Flags (all optional, defaults come from env vars or generation):

  • --projects-root <path>: defaults to $PW_PROJECTS_ROOT or ~/workspace.
  • --port <n>: defaults to $PW_AGENT_PORT or 7878.
  • --host <h>: defaults to $PW_AGENT_HOST or 0.0.0.0.
  • --token <t>: defaults to $PW_AGENT_TOKEN or a fresh openssl rand-style 32-byte hex.
  • --ai-bin <path>: defaults to $PW_AI_BIN or claude.

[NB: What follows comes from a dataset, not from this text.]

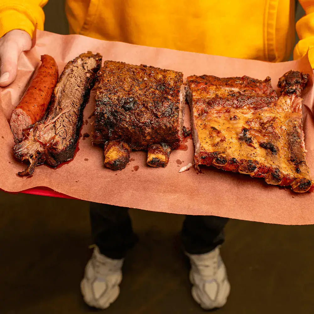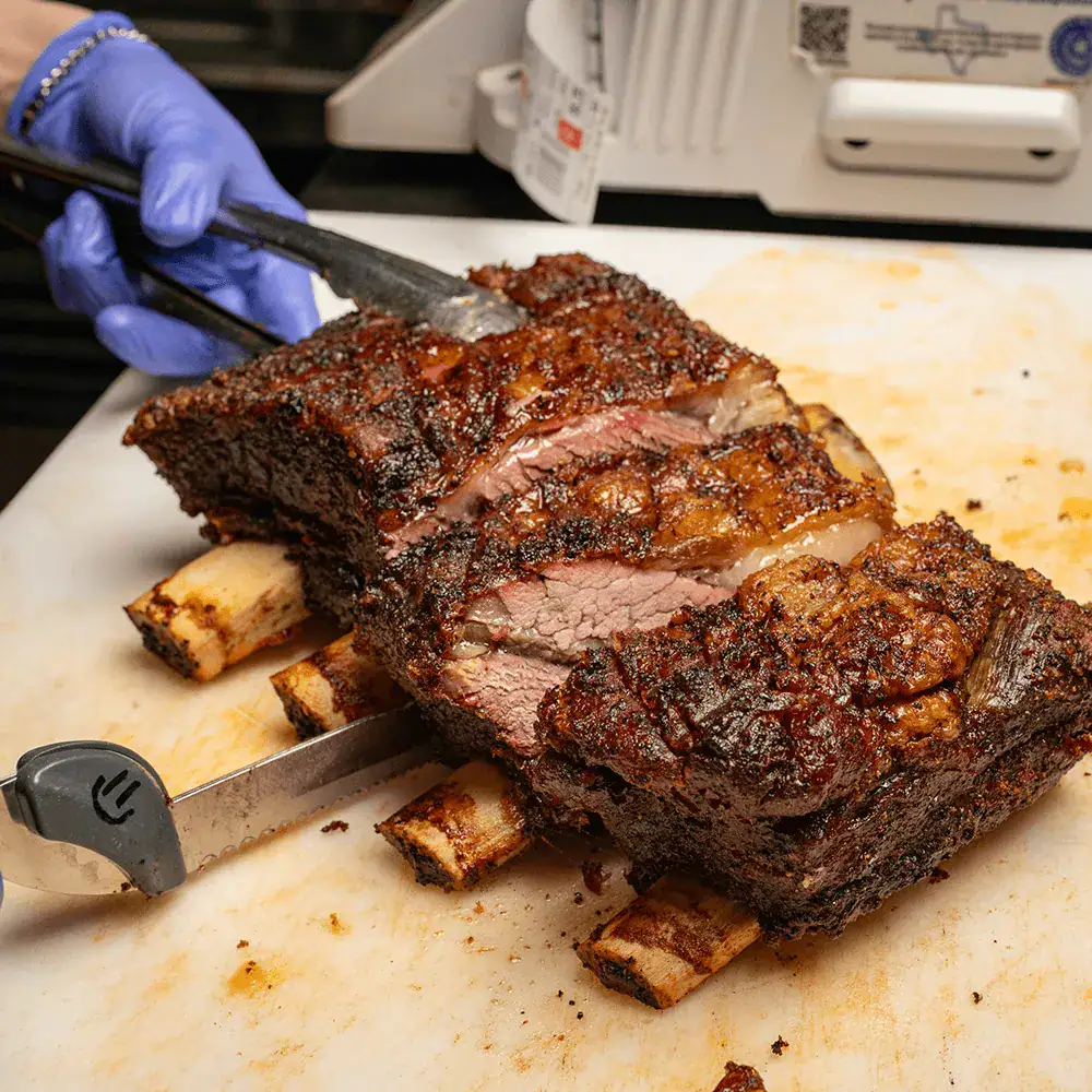 They have about 14 different cuts of beef, pork, and poultry on the pit every day. One of their popular items is the Big Chop, which includes signature beef ribs. Another crowd favorite is the Texas Trinity, with brisket, sausage, and pork ribs. They also have steaks, if you’re craving one.

Re-running install regenerates the plist and reloads launchd.

uninstall

patchwire-agent uninstall

Stop and remove the LaunchAgent. The env file at ~/.patchwire/agent.env is kept. Delete it manually if you want a clean slate.

user

patchwire-agent user <subcommand>

Manage per-developer users for multi-developer mode.

SubcommandDescription
user add <name>Create a new user; prints the generated token once. Pass --token <value> to supply your own.
user listList all users with status and last-seen timestamp.
user disable <name>Disable a user (token stays registered but every request 403s).
user enable <name>Re-enable a previously disabled user.
user rm <name>Permanently remove a user; token stops working immediately.
user rotate <name>Generate a new token for an existing user; old token is revoked. Pass --token <value> to supply your own.

user policy

patchwire-agent user policy <subcommand>

View or set per-user access policy.

SubcommandDescription
user policy show <name>Print the project allowlist and rate limit for a user.
user policy projects <name> [projects...]Set the project allowlist. Pass --clear (or no projects) to allow all.
user policy rate <name> <max> <window>Set a rate limit, e.g. rate ana 50 1h. Pass --clear to remove.

log

patchwire-agent log [options]

Tail the JSONL audit log in human-readable form.

FlagDescription
--user <name>Show only entries for this user.
--project <name>Show only entries for this project.
--since <duration>Show only entries newer than this (e.g. 30m, 6h, 7d).
--limit <n>Show only the last N entries (default 100).
--jsonEmit raw JSONL instead of pretty text.

usage

patchwire-agent usage [options]

Per-user usage summary aggregated from the audit log. Columns: requests, accepted, ask, chat, lines added/removed, tokens (TOK), dollar cost ($EQV), duration. See Configuration → Cost tracking for how $EQV is computed.

FlagDescription
--user <name>Show only this user.
--project <name>Show only this project.
--since <duration>Only entries newer than this (e.g. 30m, 6h, 7d).
--jsonEmit the structured report as JSON.

egress-check

patchwire-agent egress-check

Verify default-deny egress on this box: builds the seatbelt profile from the current PW_EGRESS_ALLOW/DNS settings and probes it: the Anthropic API must be reachable and a non-allowlisted host must be blocked. Exits non-zero if either check fails. Run it before enabling PW_EGRESS=deny for real (in-process tests can’t prove kernel-level enforcement). macOS only.